DATA PROVIDED Block Start
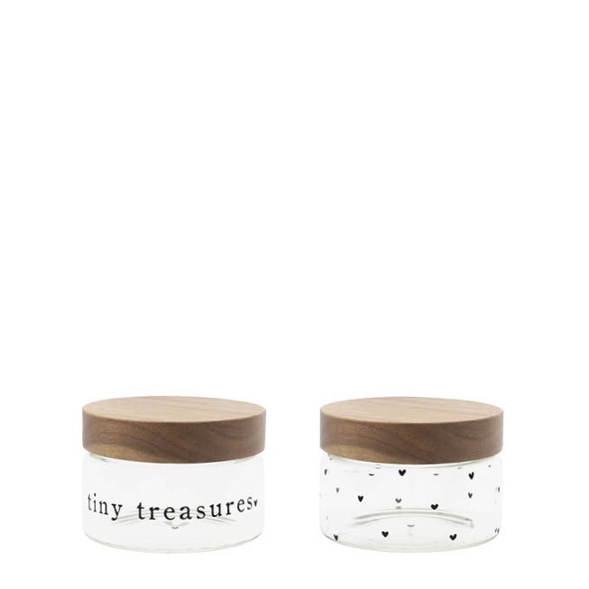 Variante 1 „Tiny Treasures“: Mit dem verspielten schwarzen Schriftzug „tiny treasures“ – perfekt für die kleinen Kostbarkeiten des Alltags.
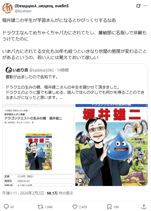 | … | 75無念Nameとしあき26/02/03(火)07:27:14No.1384573653+今でこそゲーム業界は大きくなったけど堀井雄二はこういう輩とも付き合わなきゃならなかったんだろうな |
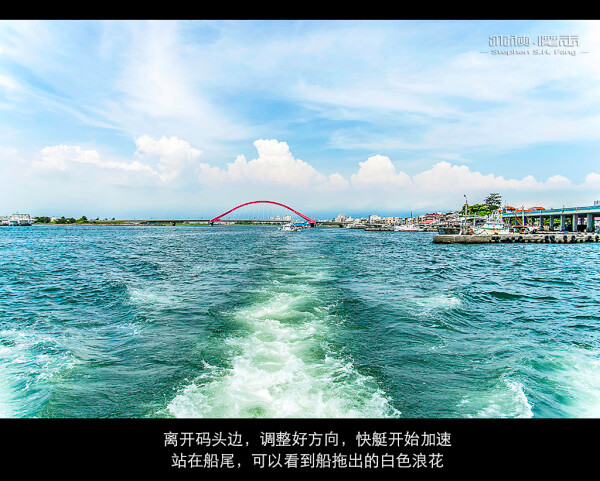 船缓缓出了港口,经过最外面的防波堤进入台湾海峡,然后开始猛力加速,当浪过来的时候,一浮一沉,如果你担心会晕船,记得上船前买个晕船药提前30分钟吃。 (好像候船室有卖晕船药)
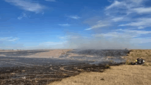 The Stinnett Fire Department says crews will continue to monitor the situation and conduct thorough mop-up operations to prevent any potential flare-ups. Officials say the cause of this fire was due to chains dragging.
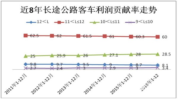 2、根据市场调研,11-12米公路客车主要承担运距在200公里以上的省级市与地级市、地级市与地级市、跨省的城际线路等长途客流运输任务。是公路客车企业的实力象征,是公路客车制造企业的核心利润来源,主流客车企业的利润大约有50%来自11-12米公路客车的贡献。
DATA PROVIDED Block End
Restate all entries exactly; pictures stay out.

EXERCISE RESPONSE:
 Variante 1 „Tiny Treasures“: Mit dem verspielten schwarzen Schriftzug „tiny treasures“ – perfekt für die kleinen Kostbarkeiten des Alltags.
 | … | 75無念Nameとしあき26/02/03(火)07:27:14No.1384573653+今でこそゲーム業界は大きくなったけど堀井雄二はこういう輩とも付き合わなきゃならなかったんだろうな |
 船缓缓出了港口,经过最外面的防波堤进入台湾海峡,然后开始猛力加速,当浪过来的时候,一浮一沉,如果你担心会晕船,记得上船前买个晕船药提前30分钟吃。 (好像候船室有卖晕船药)
 The Stinnett Fire Department says crews will continue to monitor the situation and conduct thorough mop-up operations to prevent any potential flare-ups. Officials say the cause of this fire was due to chains dragging.
 2、根据市场调研,11-12米公路客车主要承担运距在200公里以上的省级市与地级市、地级市与地级市、跨省的城际线路等长途客流运输任务。是公路客车企业的实力象征,是公路客车制造企业的核心利润来源,主流客车企业的利润大约有50%来自11-12米公路客车的贡献。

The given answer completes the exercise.